▶ _DATA_:
=====

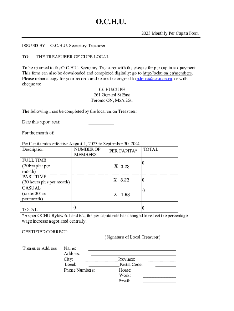 Get the free O.c.h.u. 2023 Monthly Per Capita Form - ochu on
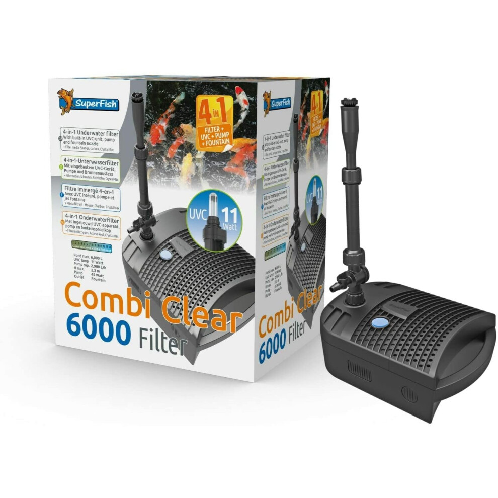SuperFish Combi Clear 6000 Fish Pond Filter All In One UVC Media Pump Fountain109.95Buy!£Onbuy.comDelivery: in United Kingdom ReportSuperfish Combi Clear 6000 Fish Pond Filter All In One UVC Media Pump Fountain
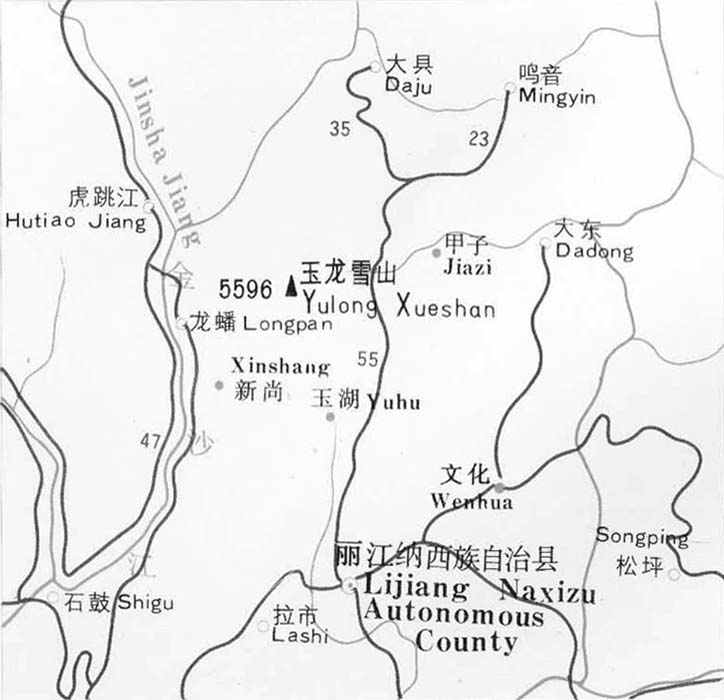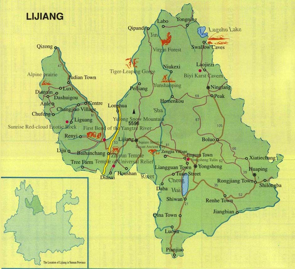 Location Map of Lijiang Yulong Snow Mountain with Bilingual Texts
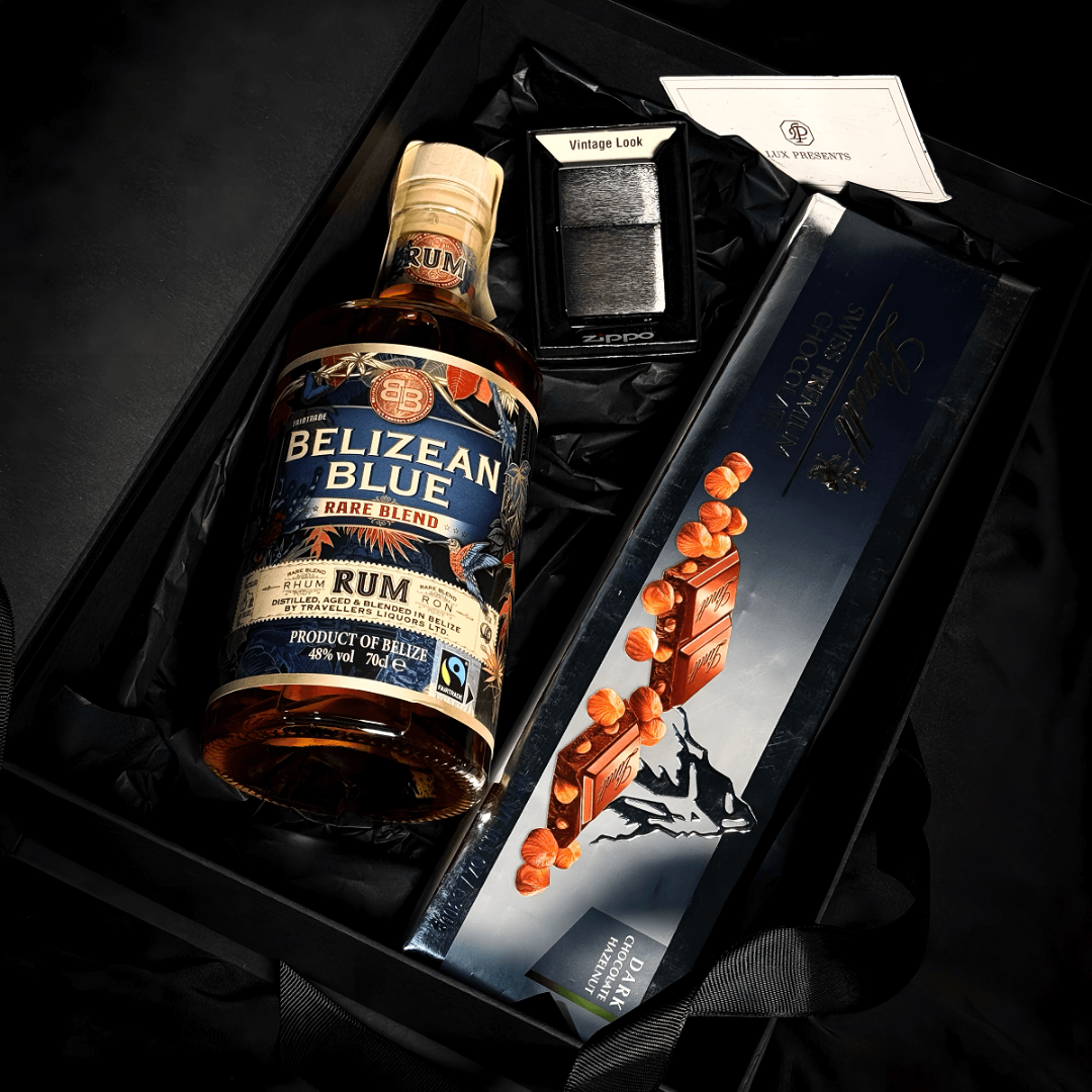 Gift Box Belizean Blue Rare + Lindt Silver Dark Hazelnut + Zippo

=====

▶ _ACTION ITEM_: Leaving out the pictures, restate the listing above exactly.

▶ _COMPLETED TASK_:
 Get the free O.c.h.u. 2023 Monthly Per Capita Form - ochu on
SuperFish Combi Clear 6000 Fish Pond Filter All In One UVC Media Pump Fountain109.95Buy!£Onbuy.comDelivery: in United Kingdom ReportSuperfish Combi Clear 6000 Fish Pond Filter All In One UVC Media Pump Fountain
 Location Map of Lijiang Yulong Snow Mountain with Bilingual Texts
 Gift Box Belizean Blue Rare + Lindt Silver Dark Hazelnut + Zippo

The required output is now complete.